К Наташке на "Искру". Погощу несколько дней.
Жалко было папу. "Буду присылать ему деньги".
Мокрая трава скрипела под резиновыми подошвами, как будто Рита ее мыла. Она шла, и ей было тепло от ненависти. Дождь и лес качали друг друга, Рита не могла посмотреть вверх - тотчас ей на глаза ложились большие капли.
У Наташки сушили вещи, ночью постель пахла сыростью кладовки, Рита плакала, спрашивала в конторе, не нужна ли кому домработница, через день приехали Отец и мама. Отец не зашел, остался на телеге, а мама поздоровалась с Наташкиной бабкой, которая все время в тапках лежала на кровати, но не спала, а, не моргая, смотрела на девочек, и шепотом, чтобы не заплакать, сказала: "Доченька, поехали домой".
Рита бросилась собираться, быстро и молча, чтобы заплакать только на улице. Мама накрыла Риту телогрейкой и обняла так, как будто боялась, что Рита упадет.
Ты прости меня, доченька.
Рита подумала: "И ты меня прости", но сказать не смогла.
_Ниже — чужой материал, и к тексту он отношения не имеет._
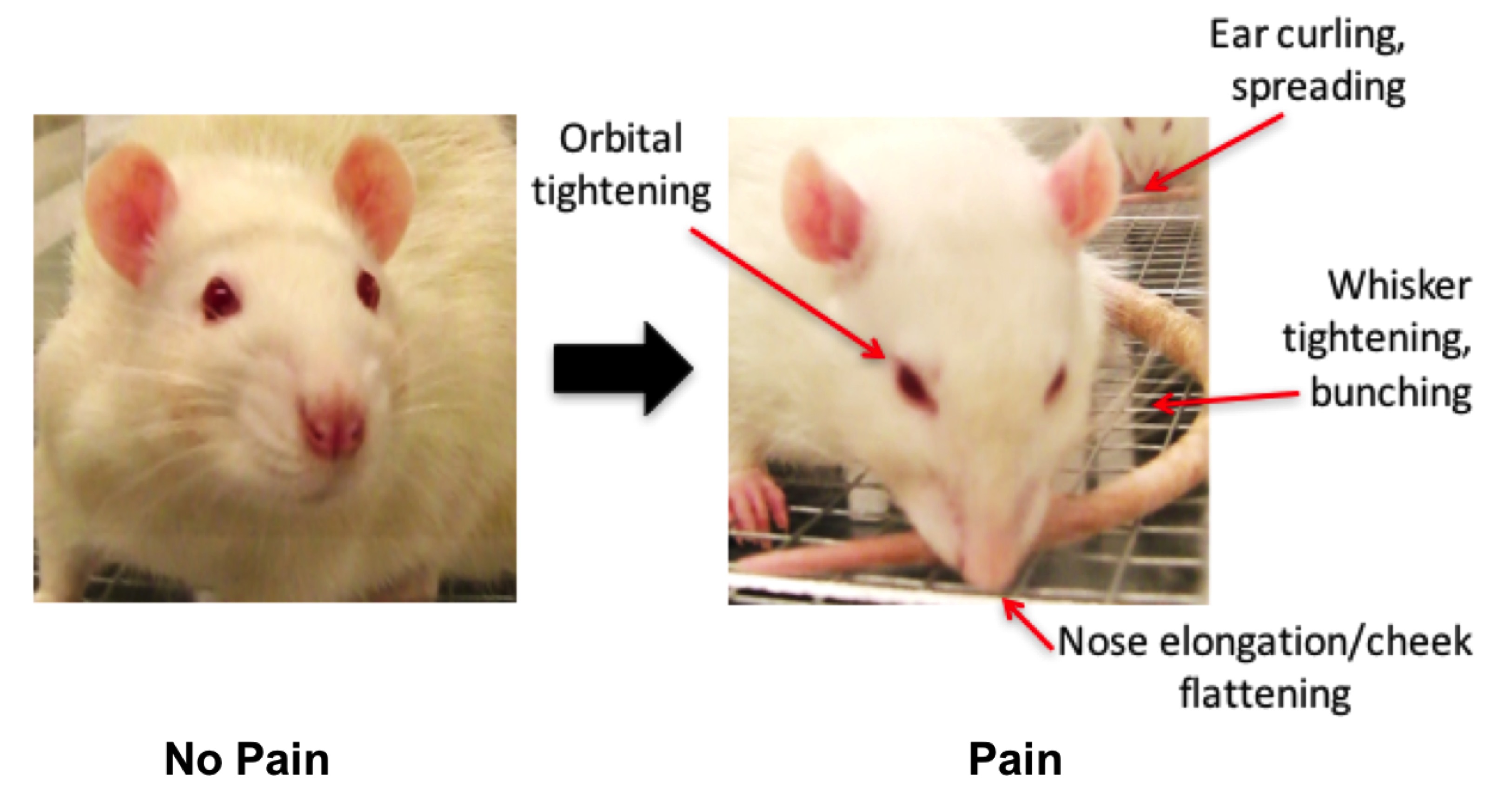 The first behavior I examine is the “pain face,” also known as a grimace. When humans are in pain, we grimace by narrowing our eyes, wrinkling our nose, and raising our upper lip. Animals also grimace by changing certain parts of their faces, including their eyes, ears, cheeks, and nose or snout. An assessment called the grimace scale was first developed in mice by Dr. Jeffrey Mogil at McGill University in Canada. The grimace scale has since been translated to rats, rabbits, cats, pigs, sheep, and horses. Researchers have found that mice with lesions to their insular cortex don’t grimace. Because the insular cortex is involved in the emotional component of pain in humans, this may indicate that grimacing reflects the emotional effect of pain.
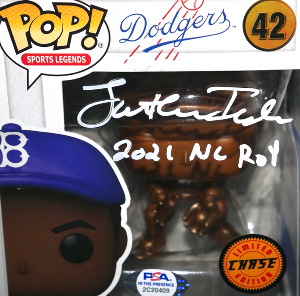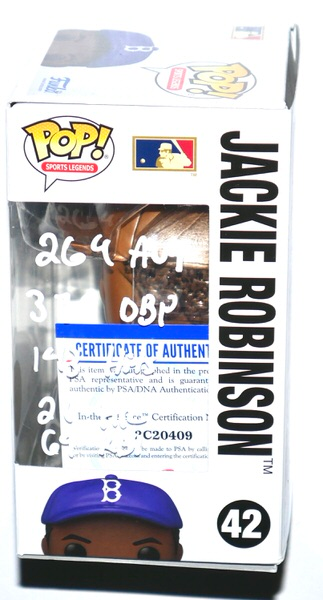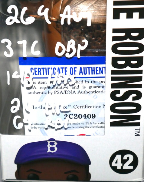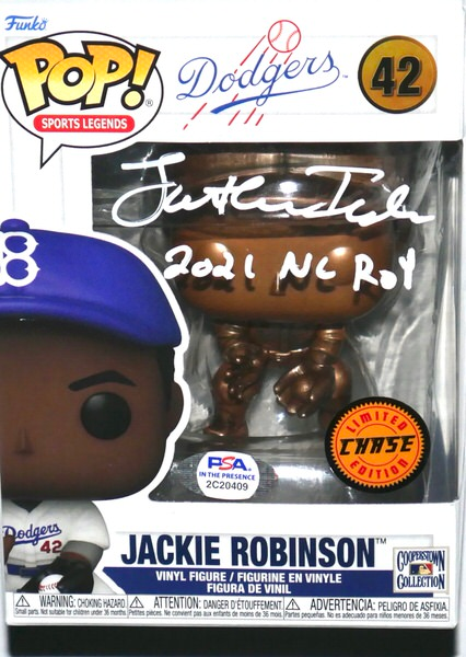 The Jackie Robinson “Brooklyn Dodgers” #42 Funko Pop! Vinyl Figure has been hand-signed and inscribed by Jonathan India with awesome “2021 NL ROY, 269 AVG, 376 OBP, 143 Hits, 21 HR, 69 RBI” inscriptions in silver. A ground-breaking athlete elected to the National Baseball Hall of Fame in 1962 and awarded NAACPs prestigious Spingarn Medal, Jackie Robinson is an iconic athlete who championed racial equality. The Funko Pop! measures 4″ tall and includes an official PSA/DNA hologram and matching COA for authenticity purposes. The signing of this item was witnessed by PSA. Awesome and unique item signed by one of MLB’s most exciting players!!!
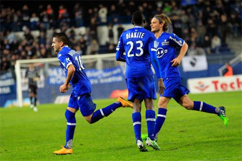 | Le milieu du SC Bastia Ryad Boudebouz (gauche), à la fête, après son but contre Rennes, le 13 décembre au stade Armand Cesari. Photo : AFP/VNA/CVN |
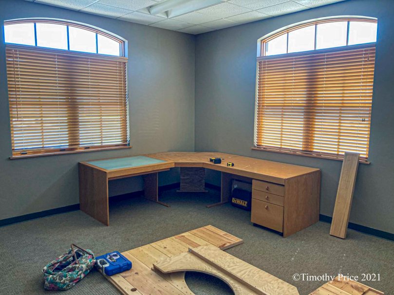 Intermission: My desk we moved from the office downtown to the new office. I build the desk in 1990. That is a light table on the left-hand side I used for sorting slides and transparencies before digital cameras. The desk on the floor is Dede’s desk that she designed and I built for her in 2007, I believe. it will go in the corner to the right of my desk. I will build Bruce’s desk in the corner to the left of my desk.
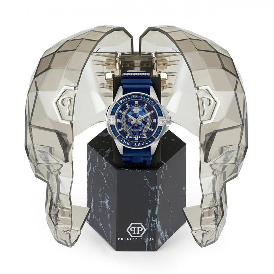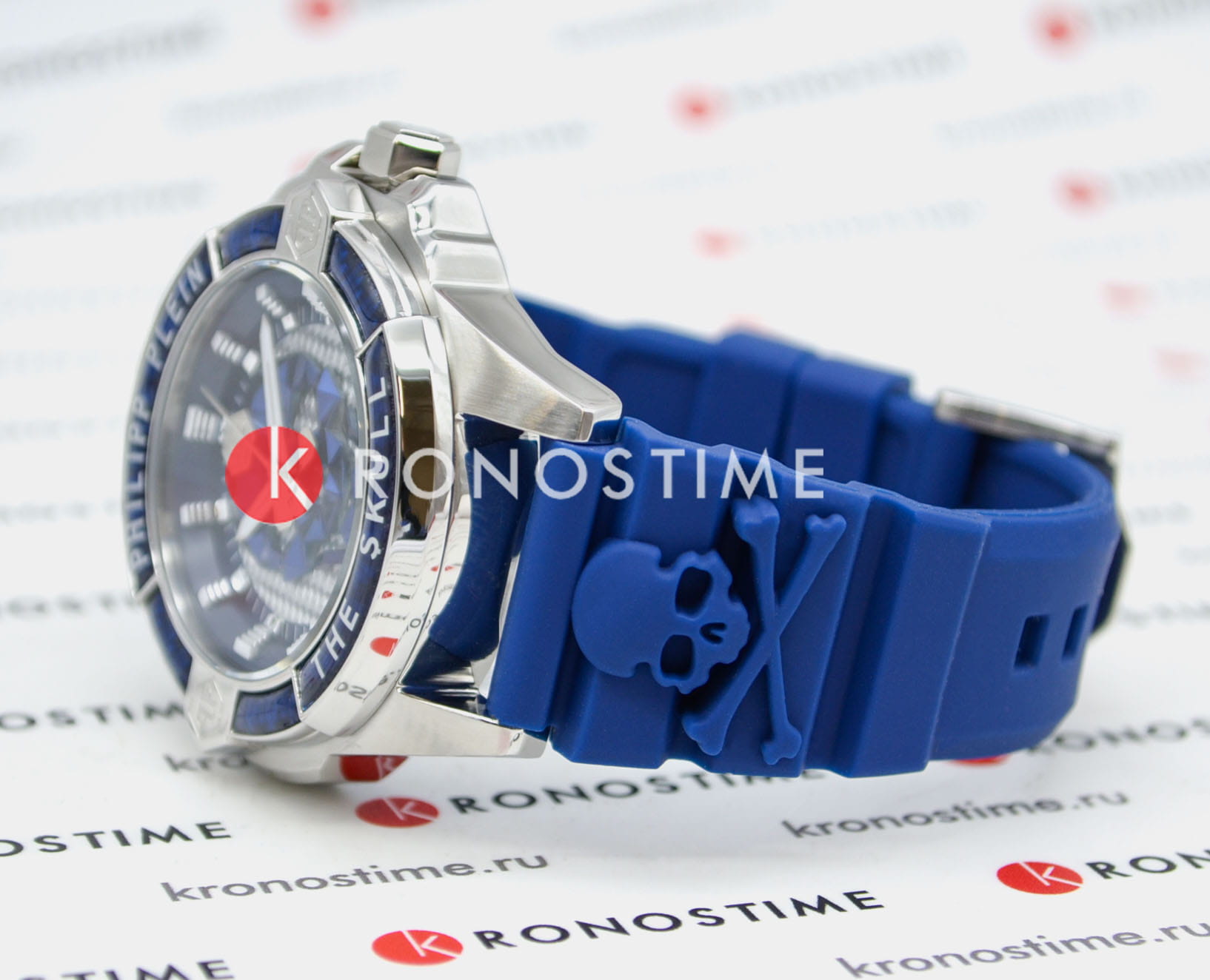 Мужские кварцевые часы с синим карбоновым покрытием циферблата Philipp Plein The Skull Carbon Fiber PWAAA1722, кварцевый механизм с высокой точностью. Класс водозащиты: 50 метров, позволит защитить корпус от случайных брызг или капель дождя. Круглый корпус выполнен из нержавеющей стали. Заводная головка с защитой. Синий силиконовый ремешок шириной 22 мм, стандартная застежка.
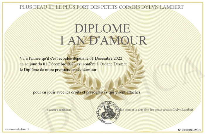 Envoyez par email votre Diplôme 1 an d'amour personalisé
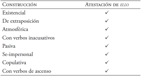 ELLO se da en las construcciones impersonales existenciales (12), de extraposición (13) y atmosféricas (14) en todas las variedades ibero-románicas aquí investigadas:
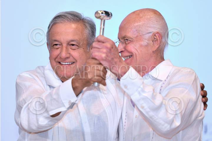ACAPULCO, GUERRERO, 22MARZO2019.- Andrés Manuel Lopez Obrador, Presidente de México y Luis Niño de Rivera, Presidente entrante de la Asociación de Bancos de México, durante la clausura de la 82 Convención Bancaria. FOTO: CUARTOSCURO.COM
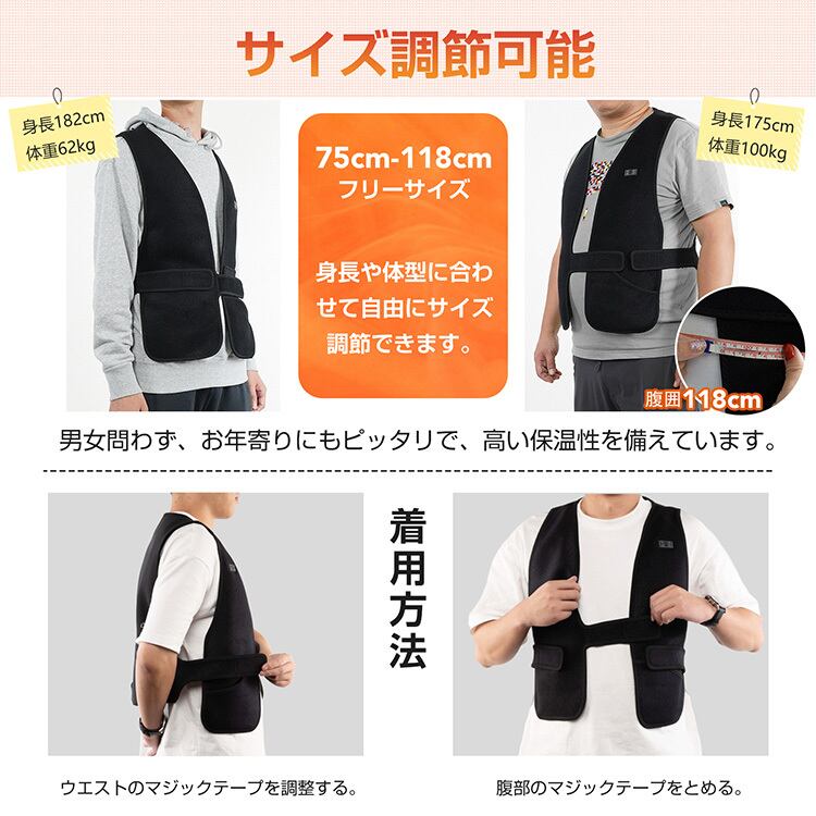 電熱ベスト 加熱ベスト ヒーターベスト 急速発熱 3段階温度調節 超軽量 防寒着 フリーサイズ
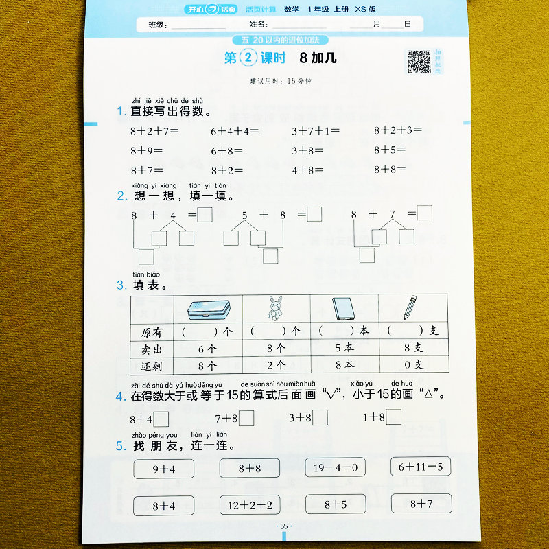 计算看图列式 口算笔算听算速算口算竖式 解决问题思维训练口算应用题思维拓展训练开心 计算一年级上册数学活页计算天天练XS版 西师版
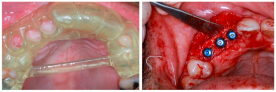 The static guided system is a computer-guided derived three-dimensional virtual implant planning that transfers the information into a pre-planned fabricated surgical template. It can be divided into two major types, which are the fully guided implant surgery utilizing full specialized osteotomy kit on guided prefabricated surgical template and partial-guided that utilizes analogue fabrication (non-computer guided) which is pilot-guided and drilling-guided [43]. Another classification of the static surgical guided is further classified into four categories; tooth-supported, mucosa-supported, bone-supported, and specialized implants or pins-supported guided template [43,44]. There is a consensus in the literature which emphasizes the fact that tooth- and mucosa-supported is not only the most stable, but also has the highest accuracy as compared to mucosa- and bone-supported. Full surgical-guided is viewed as being better than partial-guided and non-guided. On the other hand, flapless surgery is much better than flap in partial edentulous cases, whereas, flap surgery is considered a better choice in comparison to a flapless surgery in full edentulous as it has a much higher safety margin needed for full edentulous cases [45]. An example of clinical application of static surgical guide are photographed as in Figure 4.
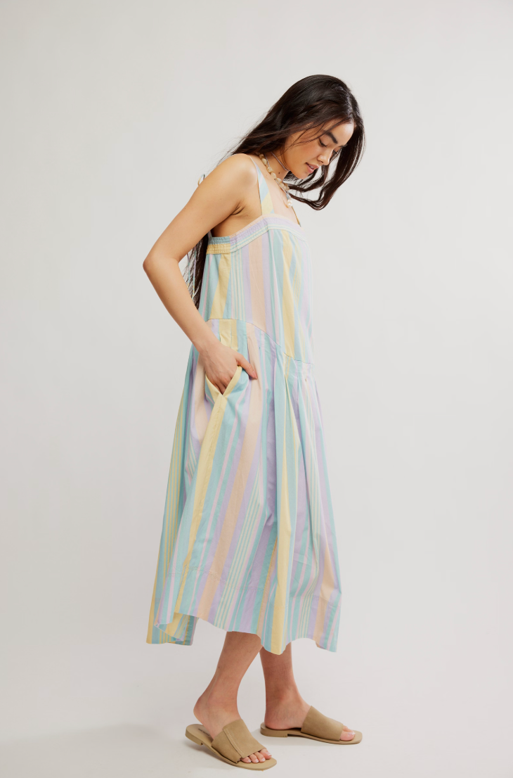 FREE PEOPLE PRIMAVERA STRIPE MIDI DRESS IN PASTEL STRIPES

Они ехали, плакали, Отец улыбался.
-27
Зимой, когда нельзя было ходить, жили в Шовском, у бабок. У Бабченки было хорошо, она жалела, садилась и играла на баяне, а внуки и кого взяла нянчить, ползали, мокрые, у ее слоновьих ног: "дома, авось, тяпло", зато весело. Лицо у нее было как яблоко - ни морщинки, лоснилось и блестело в темноте.
А у бабки Косых, например, было так себе - на кухню не пускала, кормила раз, вместе с собой, вареной картошкой - картошины были на вид как выточенные из кости. И были холодные щи из кислой капусты - от них пахло больницей. Бабка Косых смотрела, скрипела и говорила матери, что не учат уроки.
Но хуже всего было у учительницы Клавдии Степановны. Иногда она проверяла тетради, но вместо того, чтобы помочь, сразу ставила тройку. Видела, что не делают - и спрашивала в школе. Если и выучили какие стихи, рассказывали их плачущими голосами - то это заставила Клавдия Степановна.
В шкафике у Клавдии Степановны были наливочки. Каждый день она бралась вытирать пыль, иногда и по три раза, и все вытирала в шкафике, переставляла наливки и радостно вскрикивала: "Ой, батюшки, пролила! Ах, пролила, старая!" И так все проливала и спала крепко, даже не замечая, как кошка с худым хвостом ходит по кровати и наступает ей на грудь и лицо.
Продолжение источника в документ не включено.